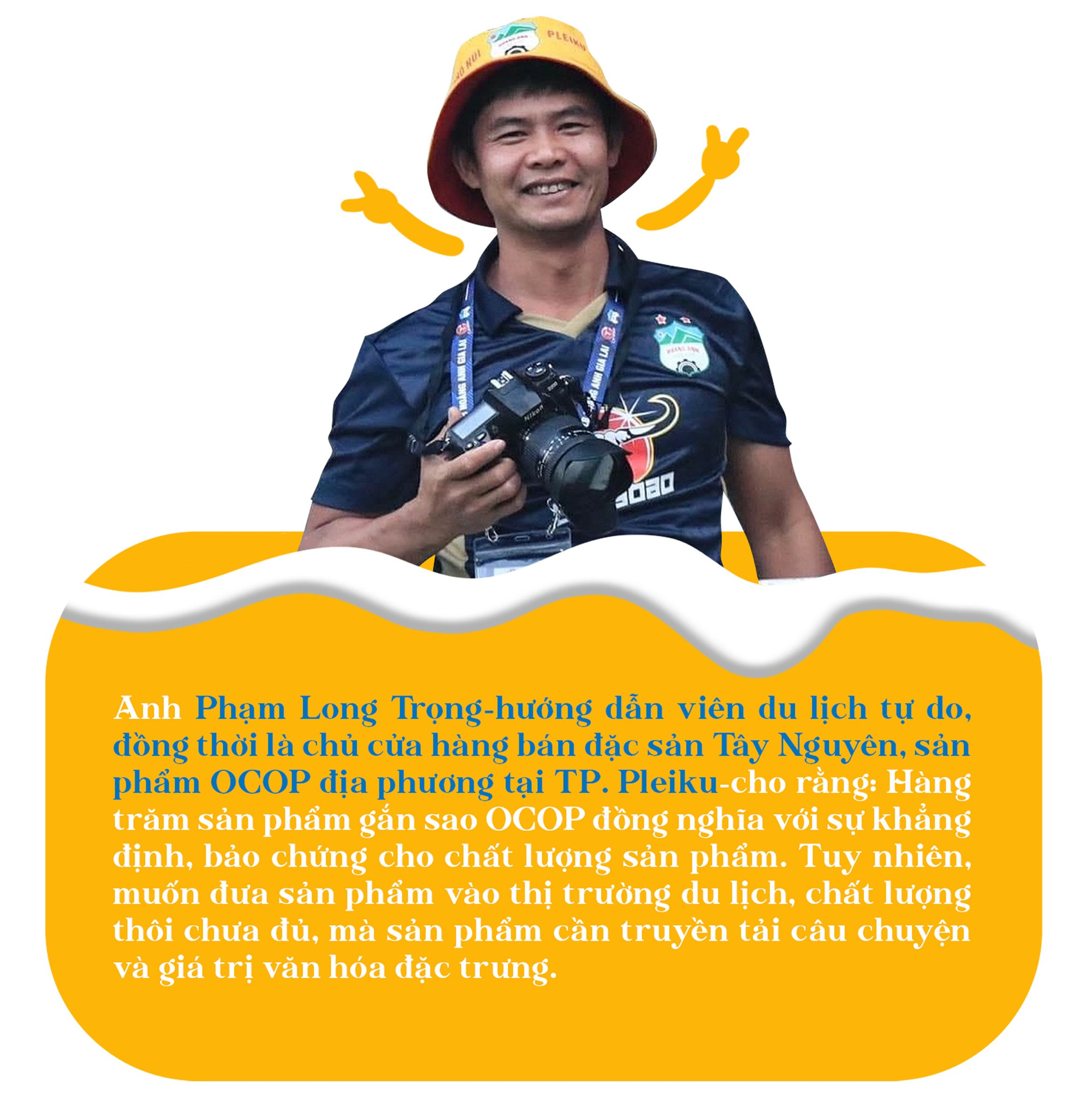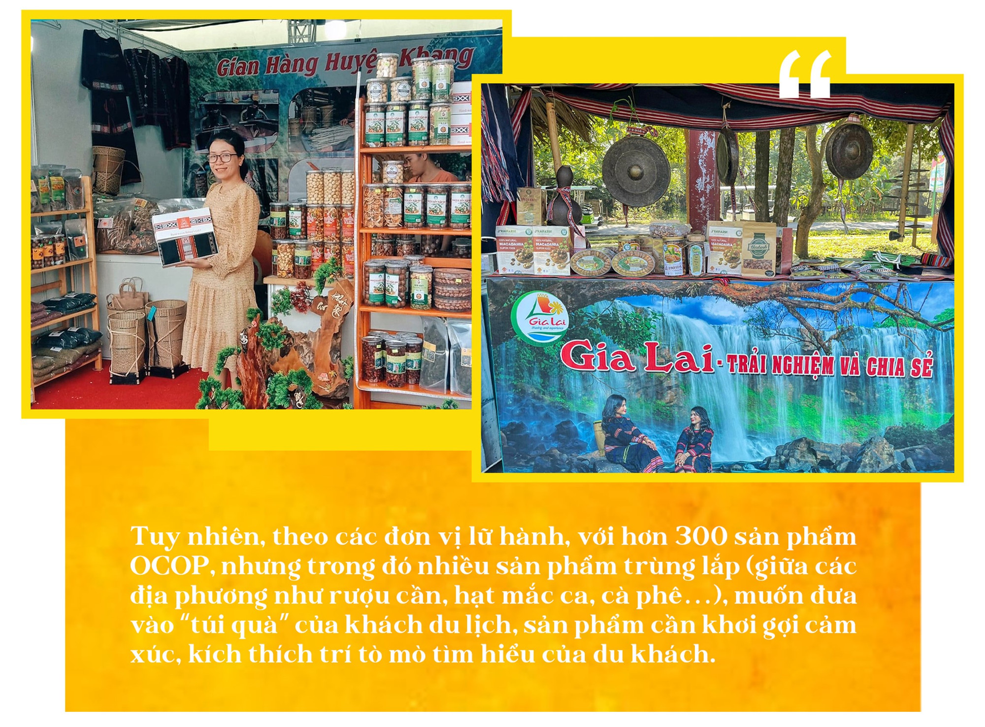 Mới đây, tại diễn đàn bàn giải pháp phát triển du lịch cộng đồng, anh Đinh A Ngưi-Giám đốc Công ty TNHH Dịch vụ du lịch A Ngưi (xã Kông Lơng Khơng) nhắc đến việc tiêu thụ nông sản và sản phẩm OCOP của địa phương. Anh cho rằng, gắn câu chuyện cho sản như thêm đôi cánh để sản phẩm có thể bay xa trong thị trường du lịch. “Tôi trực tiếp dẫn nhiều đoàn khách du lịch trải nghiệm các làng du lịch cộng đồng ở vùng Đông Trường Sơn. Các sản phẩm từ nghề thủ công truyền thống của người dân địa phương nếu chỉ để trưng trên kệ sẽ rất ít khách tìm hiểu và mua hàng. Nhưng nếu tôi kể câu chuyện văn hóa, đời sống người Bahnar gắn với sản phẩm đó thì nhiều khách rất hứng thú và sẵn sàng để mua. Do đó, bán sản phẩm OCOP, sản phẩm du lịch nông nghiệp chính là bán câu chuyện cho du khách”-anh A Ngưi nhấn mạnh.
※
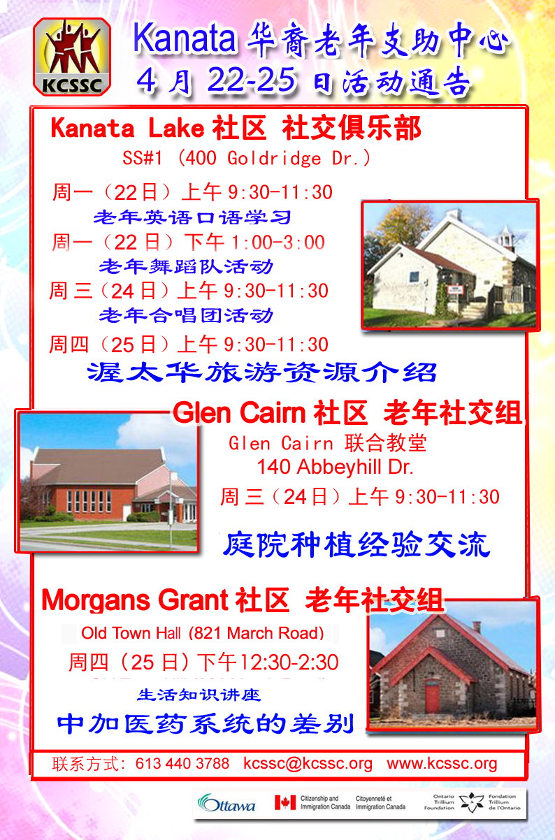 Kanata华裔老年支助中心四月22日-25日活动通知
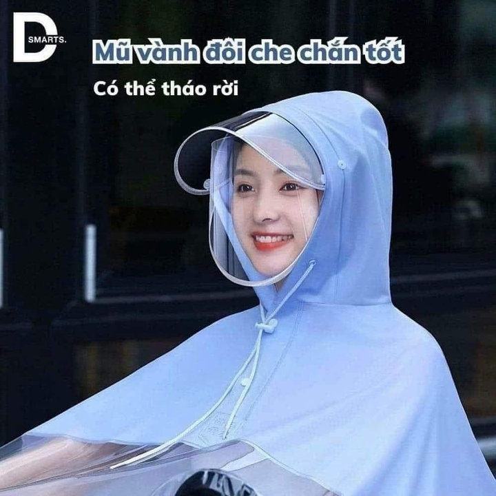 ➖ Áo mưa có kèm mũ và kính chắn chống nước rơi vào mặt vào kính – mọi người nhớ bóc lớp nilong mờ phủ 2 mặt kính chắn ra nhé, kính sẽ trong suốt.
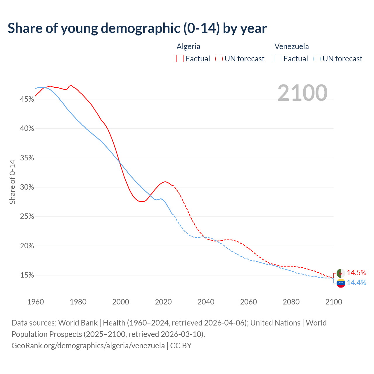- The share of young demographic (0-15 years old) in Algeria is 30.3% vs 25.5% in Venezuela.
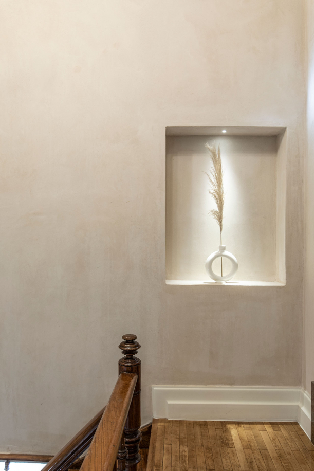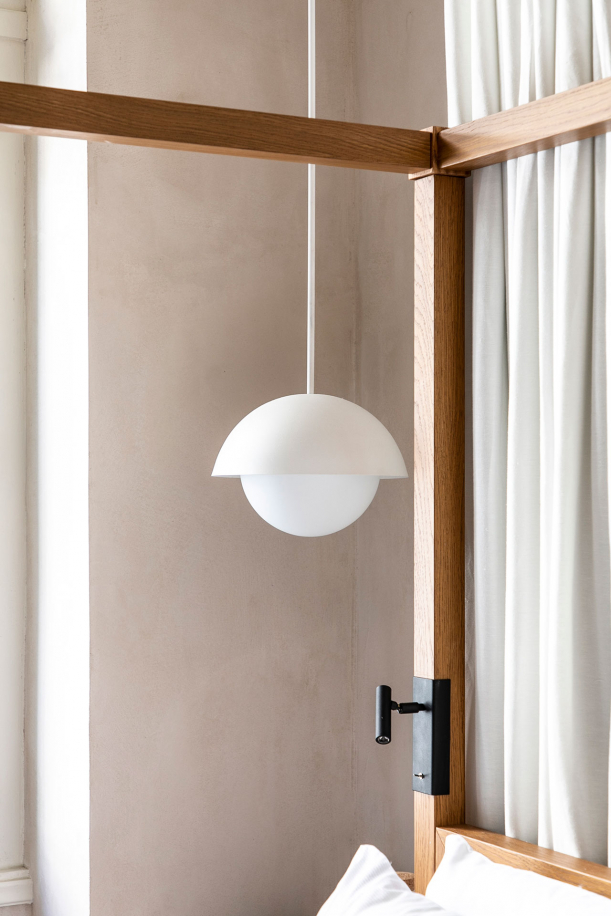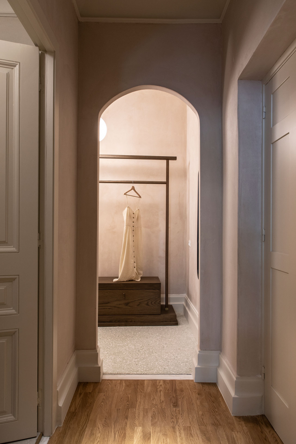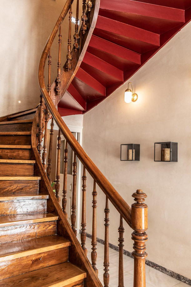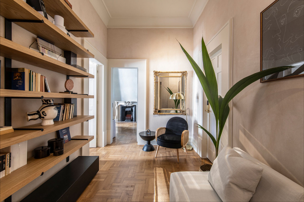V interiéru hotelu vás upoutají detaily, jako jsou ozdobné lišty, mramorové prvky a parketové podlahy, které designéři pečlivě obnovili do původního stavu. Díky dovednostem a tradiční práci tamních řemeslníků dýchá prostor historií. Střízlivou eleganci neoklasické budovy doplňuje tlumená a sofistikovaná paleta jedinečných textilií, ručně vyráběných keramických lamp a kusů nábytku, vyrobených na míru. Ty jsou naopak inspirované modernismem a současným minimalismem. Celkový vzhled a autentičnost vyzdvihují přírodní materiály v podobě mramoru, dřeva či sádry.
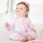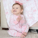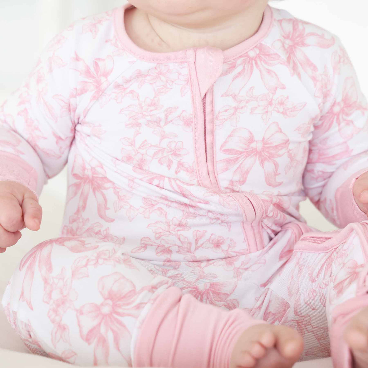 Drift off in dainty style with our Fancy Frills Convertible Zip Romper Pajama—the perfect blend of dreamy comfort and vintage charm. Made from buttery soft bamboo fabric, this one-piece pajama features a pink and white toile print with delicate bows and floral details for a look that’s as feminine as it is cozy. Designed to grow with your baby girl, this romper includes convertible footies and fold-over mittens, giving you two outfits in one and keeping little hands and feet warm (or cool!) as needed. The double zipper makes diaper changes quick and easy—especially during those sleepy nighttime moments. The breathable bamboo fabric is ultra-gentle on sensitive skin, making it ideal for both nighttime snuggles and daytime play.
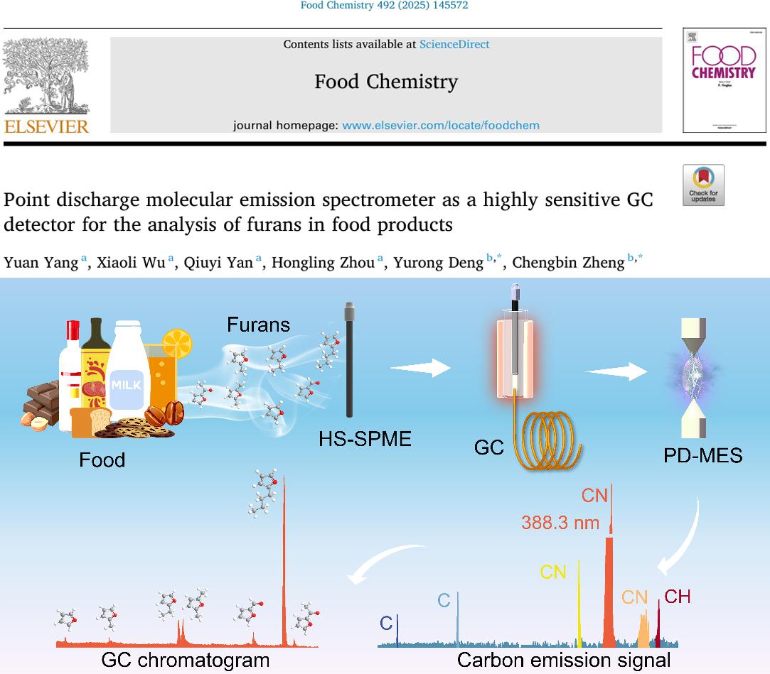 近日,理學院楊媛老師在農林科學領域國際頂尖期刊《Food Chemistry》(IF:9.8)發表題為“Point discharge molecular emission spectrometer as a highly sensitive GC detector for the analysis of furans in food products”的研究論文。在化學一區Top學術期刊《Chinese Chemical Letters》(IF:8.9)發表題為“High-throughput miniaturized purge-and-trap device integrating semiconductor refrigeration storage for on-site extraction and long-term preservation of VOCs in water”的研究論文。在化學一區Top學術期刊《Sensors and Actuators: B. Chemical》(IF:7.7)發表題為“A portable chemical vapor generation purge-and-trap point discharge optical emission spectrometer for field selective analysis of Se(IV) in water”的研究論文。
※
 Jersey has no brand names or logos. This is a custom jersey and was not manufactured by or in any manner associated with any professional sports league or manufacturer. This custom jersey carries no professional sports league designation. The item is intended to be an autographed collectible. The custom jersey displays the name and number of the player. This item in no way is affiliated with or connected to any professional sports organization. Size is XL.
※
YOUR GOAL: Look above for the line containing "Kanata华裔老年支助中心四月22日-25日活动通知", then copy exactly from it through the line containing "- The share", keeping both and leaving out pictures. Add nothing else.

SOLUTION FOR THIS EXERCISE:
 Kanata华裔老年支助中心四月22日-25日活动通知
 ➖ Áo mưa có kèm mũ và kính chắn chống nước rơi vào mặt vào kính – mọi người nhớ bóc lớp nilong mờ phủ 2 mặt kính chắn ra nhé, kính sẽ trong suốt.
- The share of young demographic (0-15 years old) in Algeria is 30.3% vs 25.5% in Venezuela.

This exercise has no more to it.